The exports sub-package has support for exporting to csv, jsonl, parquet, Excel and directly to a SQL database.

Optimizations

  • If you know the number of rows in advance, you can set the capacity of the underlying slice of a series using SeriesInit{}. This will preallocate memory and provide speed improvements.

Generic Series

Out of the box, there is support for string, time.Time, float64 and int64. Automatic support exists for float32 and all types of integers. There is a convenience function provided for dealing with bool. There is also support for complex128 inside the xseries subpackage.

There may be times that you want to use your own custom data types. You can either implement your own Series type (more performant) or use the Generic Series (more convenient).

civil.Date

import "time"
import "cloud.google.com/go/civil"

sg := dataframe.NewSeriesGeneric("date", civil.Date{}, nil, civil.Date{2018, time.May, 01}, civil.Date{2018, time.May, 02}, civil.Date{2018, time.May, 03})
s2 := dataframe.NewSeriesFloat64("sales", nil, 50.3, 23.4, 56.2)

df := dataframe.NewDataFrame(sg, s2)

OUTPUT:
+-----+------------+---------+
|     |    DATE    |  SALES  |
+-----+------------+---------+
| 0:  | 2018-05-01 |  50.3   |
| 1:  | 2018-05-02 |  23.4   |
| 2:  | 2018-05-03 |  56.2   |
+-----+------------+---------+
| 3X2 | CIVIL DATE | FLOAT64 |
+-----+------------+---------+

Tutorial

Create some fake data

Let's create a list of 8 "fake" employees with a name, title and base hourly wage rate.

import "golang.org/x/exp/rand"
import "rocketlaunchr/dataframe-go/utils/faker"

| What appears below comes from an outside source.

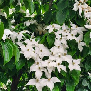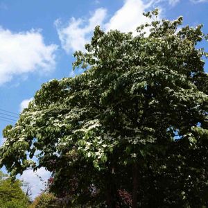 山法師の花💕(常緑山法師ホンコンエンシス) 今年も家の山法師の木がお花を沢山つけてくれました🌸 まだ少し緑色がかったお花なのですが、暑くなってしまったので白くなる前に散ってしまいそうなのでもうupすることに😊💚
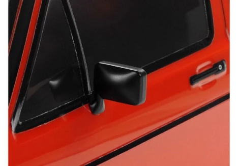Separate plastic parts moulded in black depict side mirrors and bumpers

src := rand.NewSource(uint64(time.Now().UTC().UnixNano()))
df := faker.NewDataFrame(8, src, faker.S("name", 0, "Name"), faker.S("title", 0.5, "JobTitle"), faker.S("base rate", 0, "Number", 15, 50))
+-----+----------------+----------------+-----------+
|     |      NAME      |     TITLE      | BASE RATE |
+-----+----------------+----------------+-----------+
| 0:  | Cordia Jacobi  |   Consultant   |    42     |
| 1:  | Nickolas Emard |      NaN       |    22     |
| 2:  | Hollis Dickens | Representative |    22     |
| 3:  | Stacy Dietrich |      NaN       |    43     |
| 4:  |  Aleen Legros  |    Officer     |    21     |
| 5:  |  Adelia Metz   |   Architect    |    18     |
| 6:  | Sunny Gerlach  |      NaN       |    28     |
| 7:  | Austin Hackett |      NaN       |    39     |
+-----+----------------+----------------+-----------+
| 8X3 |     STRING     |     STRING     |   INT64   |
+-----+----------------+----------------+-----------+

Apply Function

Let's give a promotion to everyone by doubling their salary.

s := df.Series[2]

applyFn := dataframe.ApplySeriesFn(func(val interface{}, row, nRows int) interface{} {
	return 2 * val.(int64)
})

dataframe.Apply(ctx, s, applyFn, dataframe.FilterOptions{InPlace: true})
+-----+----------------+----------------+-----------+
|     |      NAME      |     TITLE      | BASE RATE |
+-----+----------------+----------------+-----------+
| 0:  | Cordia Jacobi  |   Consultant   |    84     |
| 1:  | Nickolas Emard |      NaN       |    44     |
| 2:  | Hollis Dickens | Representative |    44     |
| 3:  | Stacy Dietrich |      NaN       |    86     |
| 4:  |  Aleen Legros  |    Officer     |    42     |
| 5:  |  Adelia Metz   |   Architect    |    36     |
| 6:  | Sunny Gerlach  |      NaN       |    56     |
| 7:  | Austin Hackett |      NaN       |    78     |
+-----+----------------+----------------+-----------+
| 8X3 |     STRING     |     STRING     |   INT64   |
+-----+----------------+----------------+-----------+

Create a Time series

Let's inform all employees separately on sequential days.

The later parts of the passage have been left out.